From mom-and-pop corner stores to household-name brands, Canada’s family enterprises operate in every sector and touch every community across the country. In 2017, they generated almost half of Canada’s private-sector GDP and almost seven million jobs. This impressive impact – paired with some of the common characteristics of family enterprises – make them ideal allies for tackling the world’s most urgent challenges. Despite the pandemic crisis, business families across Canada remain committed to advancing the UN’s Sustainable Development Goals (SDGs).

For a number of years, the Family Business Network (FBN) has partnered with the UN through the Polaris initiative to leverage the power of business families to promote sustainability, says Bill Brushett, president and CEO of the Family Enterprise Xchange (FEX), which hosts the Canadian chapter of FBN.

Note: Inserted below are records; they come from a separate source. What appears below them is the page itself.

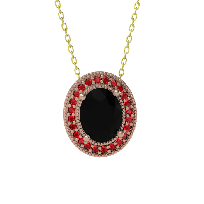 Siyah zirkon ve garnet 14 ayar rose altın kolye (40 cm altın rolo zincir)
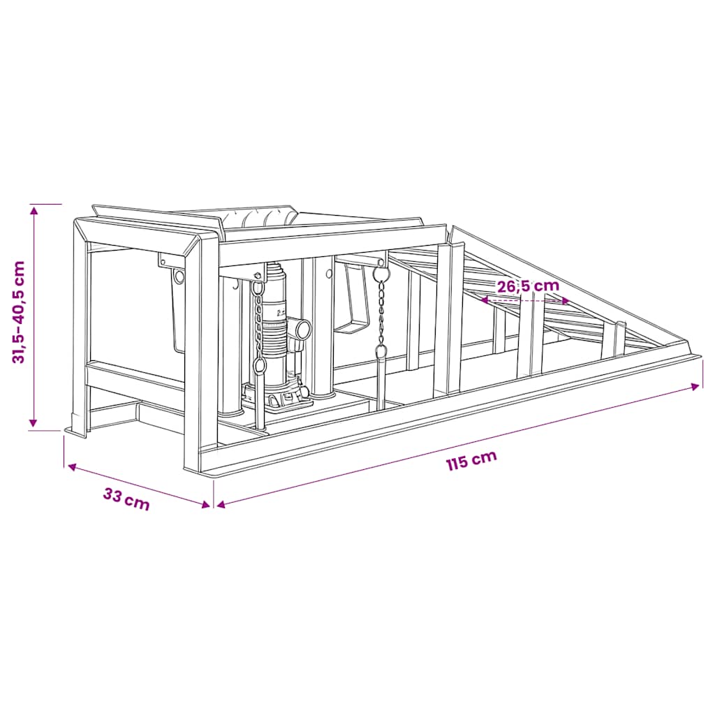 Ta par 2-tonskih klančin za popravilo avtomobilov je idealen za dvigovanje motornih vozil, kot so avtomobili in tovornjaki, v delavnicah in garažah. Klančine so zasnovane tako, da vam omogočajo enostaven dostop do spodnjega dela avtomobila in imajo največjo višino dviga 375 mm. Ko je dosežena želena delovna višina, lahko klančine zaskočite z varnostnim zatičem in vaš avtomobil bo v zelo stabilnem, dvignjenem položaju. Priložena hidravlična dvigalka nudi maksimalno zmogljivost dviganja 2 ton/2000 kg, kar vam omogoča varno in učinkovito zamenjavo avtomobilskih delov ali rutinsko servisiranje. Široki klančini sta primerni za avtomobile z velikimi pnevmatikami. Klančini za servisiranje avtomobilov imata trdno in vzdržljivo jekleno konstrukcijo. Zahvaljujoče kompaktni zasnovi se lahko priročno shranita v omejenem prostoru. Paket vsebuje 2 hidravlični klančini za servisiranje avtomobila. Otrokom ne dovolite, da se igrajo z napravo. To ni igrača. Med uporabo električnega orodja naj se otroci in navzoče osebe ne približujejo.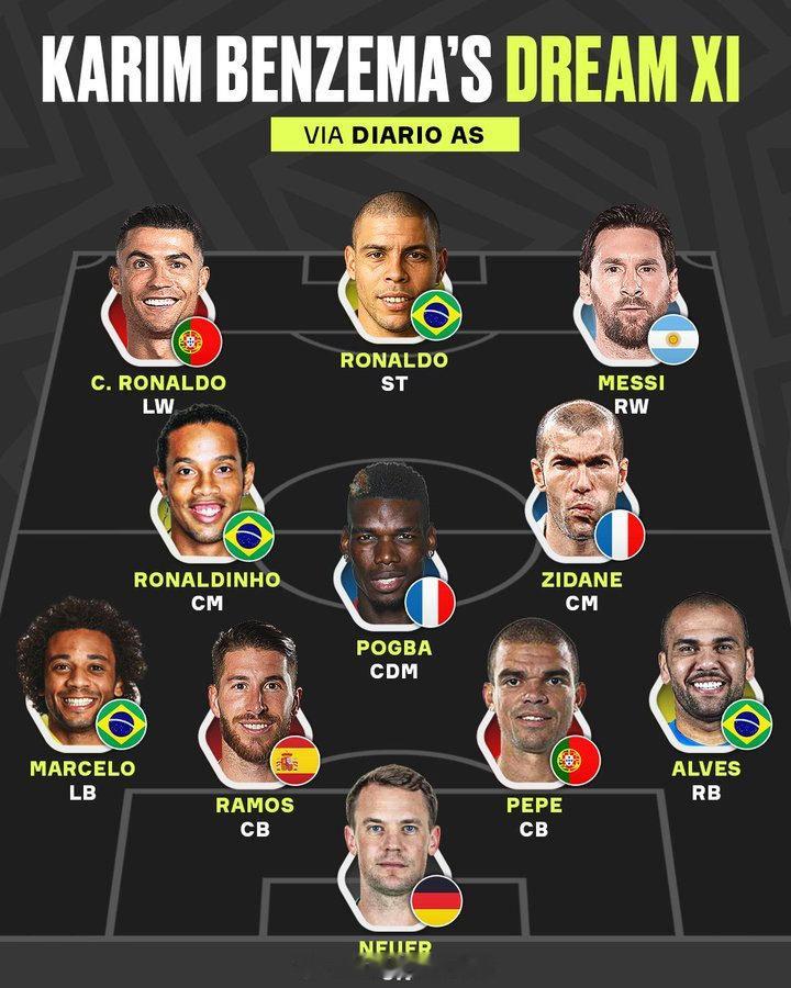 ,选出他心目中的史上最佳11人阵容,他将自己、莫德里奇和伊涅斯塔放在替补席上面。

“Family businesses are well positioned to take a leadership role on sustainability issues due to their substantial economic impact and because of the way they operate. “

— Bill Brushett, president and CEO of the Family Enterprise Xchange

“As an international network of over 16,000 members in over 65 countries, FBN is a dynamic community that connects business families globally. The partnership with the UN is about creating a movement within the family business community to step up and combine our efforts,” he says. “Family businesses are well positioned to take a leadership role on sustainability issues due to their substantial economic impact and because of the way they operate.”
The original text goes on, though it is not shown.